LLM-Powered Literature Mining System for MARVEL

Project Overview

LLM-Powered Literature Mining System for MARVEL is an intelligent literature mining system based on large language models, specifically designed for the MARVEL (Measured Active Rotational-Vibrational Energy Levels) algorithm. The system provides an automated workflow for literature retrieval and analysis, starting from natural language queries and progressing through metadata filtering and content classification.

For data extraction, since the original literature can only be mannualy fetched, this project offers carefully designed prompts to guide the LLM in extracting high quality experimental molecular spectroscopy data.

Core Features

Intelligent Literature Retrieval: Automatically extracts keywords from natural language queries and searches relevant academic literature
Deep Content Analysis: Utilizes large language models for in-depth content analysis of the relevance between MARVEL research and the literature
High Quality Data Extraction: Provides optimized prompts contribute to the extraction of high-quality data in a format compatible with MARVEL
Quality Control: Intelligently filters theoretical calculation data, old data and imcomplete data, ensuring new experimental observations are extracted

Application Scenarios

Molecular spectroscopy database construction and maintenance
Data source expansion for MARVEL algorithm

Quick Start

System Requirements

Python: 3.7 or higher
Operating System: Windows, macOS, Linux
Network: Stable internet connection (for API calls)

Installation Steps

Clone the Repository

git clone https://github.com/Songzx07/LLM_MARVEL.git
cd "LLM_MARVEL_Mining"

Install Dependencies

pip install -r requirements.txt

API Configuration

Before running the system, users need to configure the following API keys:

Edit Configuration Files
- Navigate to llm_literature_search/config/settings.py
- Navigate to llm_literature_analysis/config/settings.py
Set API Keys

# LLM API Configuration
GROQ_API_KEY = "your_groq_api_key_here"
GEMINI_API_KEY = "your_gemini_api_key_here"

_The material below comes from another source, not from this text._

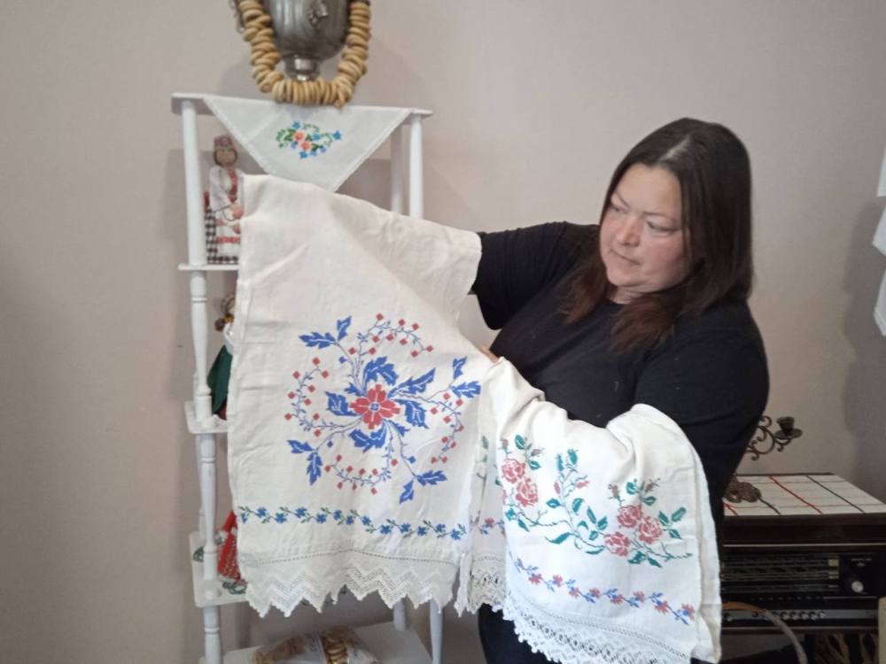 Здесь всегда рады работам талантливых жителей района. Недавно Елена Хурбатова из Мотневич передала в центр вышитые крестиком льняные ручники своей свекрови Марии Романовны Шумигай.

# Elsevier API Configuration (for literature retrieval)
ELSEVIER_API_KEY = "your_elsevier_api_key_here"

Obtain API Keys
- Groq API: Visit Groq Console for free access
- Gemini API: Visit Google AI Studio for free access
- Elsevier API: Visit Elsevier Developer Portal to apply for academic license

Usage Guide

1. Literature Retrieval Module

Retrieve relevant academic literature using natural language queries:

cd llm_literature_search
python search.py

Compulsory Inputs:

IUPAC Name of the Molecule
Molecular Formula
Search Year Range (10-year range per search is recommended)

Optional Inputs:

Isotopic Molecular Formula
Additional Keywords
Citation Count

Interface Example of CH4-literature Retrieval:

======================================================================
Please enter the name and chemical formula of the molecule you want to search for:
Enter the molecule name (e.g., 'methane'): methane
Enter the molecular formula (e.g., 'CH4'): CH4

If you want to search for a specific isotope of the molecule, please specify it as well. Only one isotope can be specified at a time.
Enter the isotope (e.g., '12CH4', press Enter to skip): 12CH4

======================================================================
Any specifically required keywords:
(Specify keywords that can help search for more relvant papers)

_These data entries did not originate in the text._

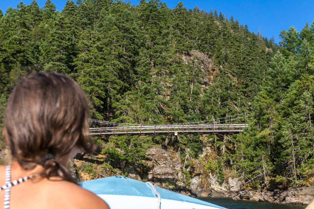 Часа через полтора добрались, наконец, до устья каньона. Ориентиром на него служит большой подвесной мост.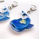 - 手绘水彩图案,双面彩色压克力夹层印刷不掉色, 正面滴胶圆润饱满,背面闪亮雷射碎片效果 高约6.5cm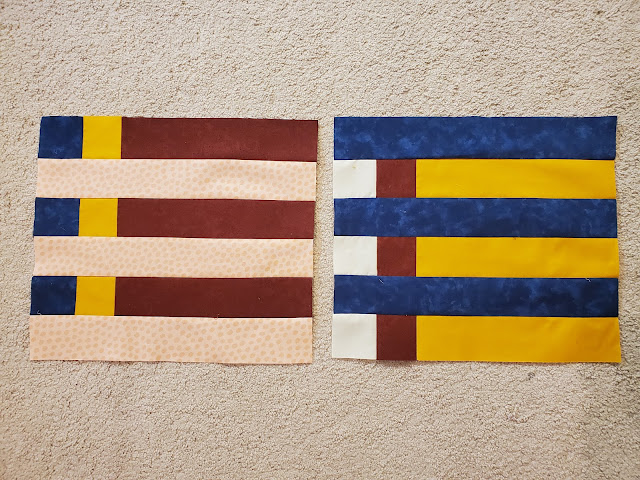 I really like the look of the block this month and with the jewel tone palette, it's going to make a beautiful quilt. Here is mine to add to the collection. It's hard to tell in the photo, but the colors are navy, light blue, maroon, and cream.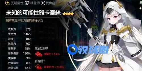 1、「未知的可能性雅卡泰丝」可以通过解除弱化效果、赋予防护罩、产生强化效果等提升队伍整体的战斗力;

Please enter required keywords (comma-separated, press Enter to skip):

======================================================================
Set year range for searching (minimum valid year is 1900):

Please enter year range (e.g., 2000-2023, press Enter for no restriction): 2010-2019

Year range set: 2010-2019

======================================================================
Restriction on citation count:

1. No restriction on citation count (0 citations allowed)
2. At least 1 citation (low impact)
3. At least 5 citations (medium impact)
4. At least 20 citations (high impact)
5. At least 50 citations (very high impact)

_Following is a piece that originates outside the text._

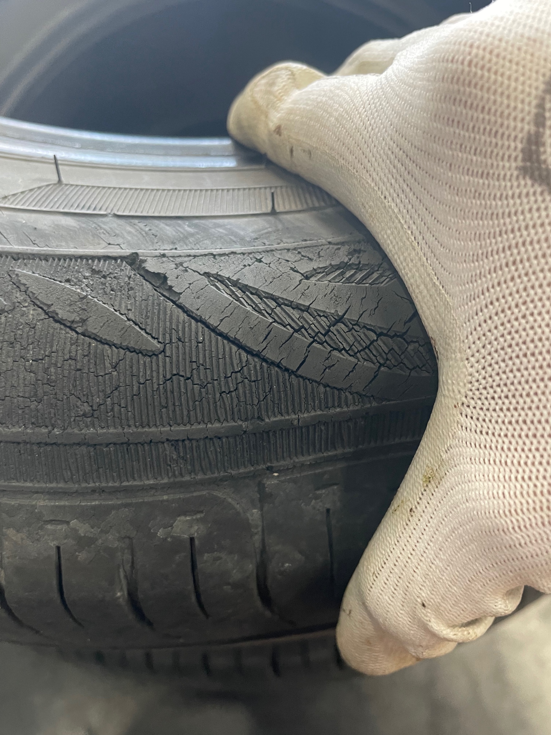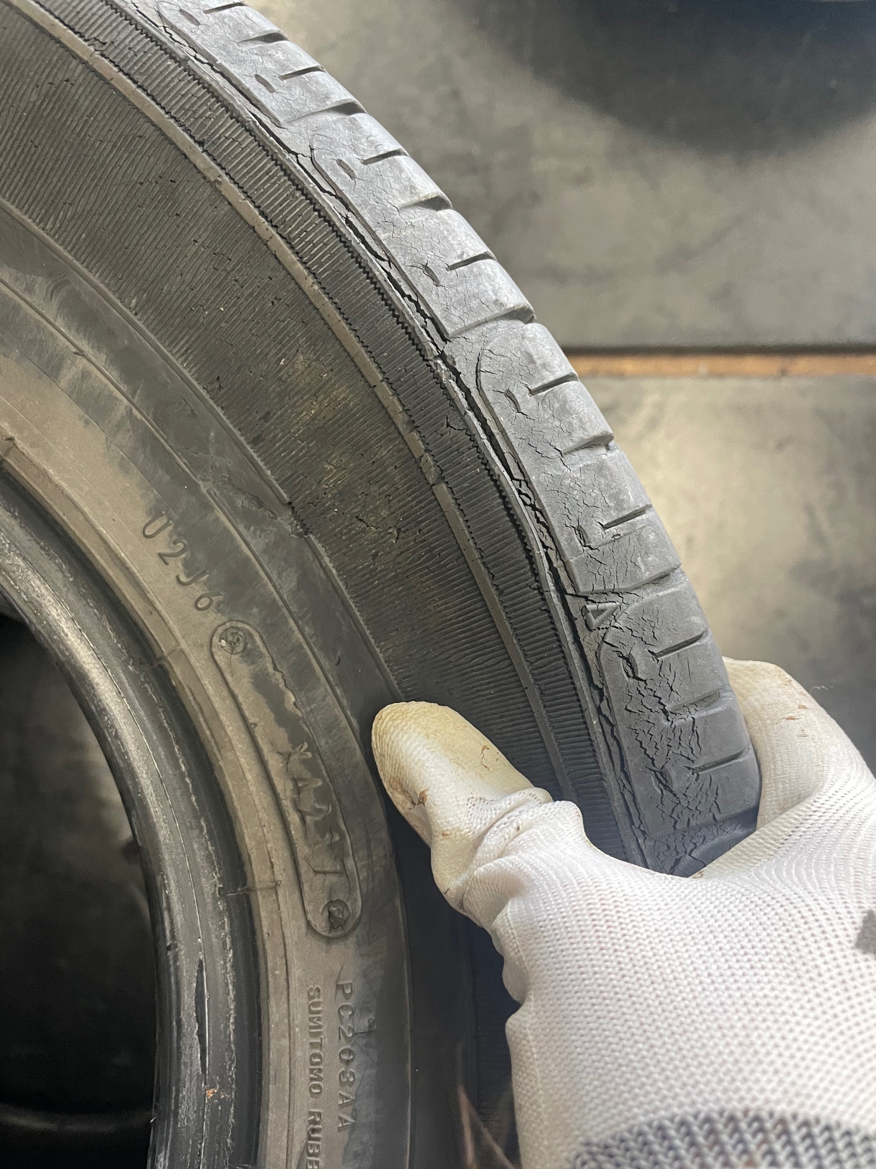 タイヤはゴムなので、時間が経つとこのようにひび割れが生じます!

Please choose (1-5, defaults to 3): 3

======================================================================

The output files containing the analysis results are stored in a folder named with the search timestamp inside the retrieval_results directory, which is located under the llm_literature_search project folder.

The fetched Elsevier XML files are saved stored in a folder named with the analysis timestamp inside the article_xmls directory, which is placed at the same directory level as llm_literature_search.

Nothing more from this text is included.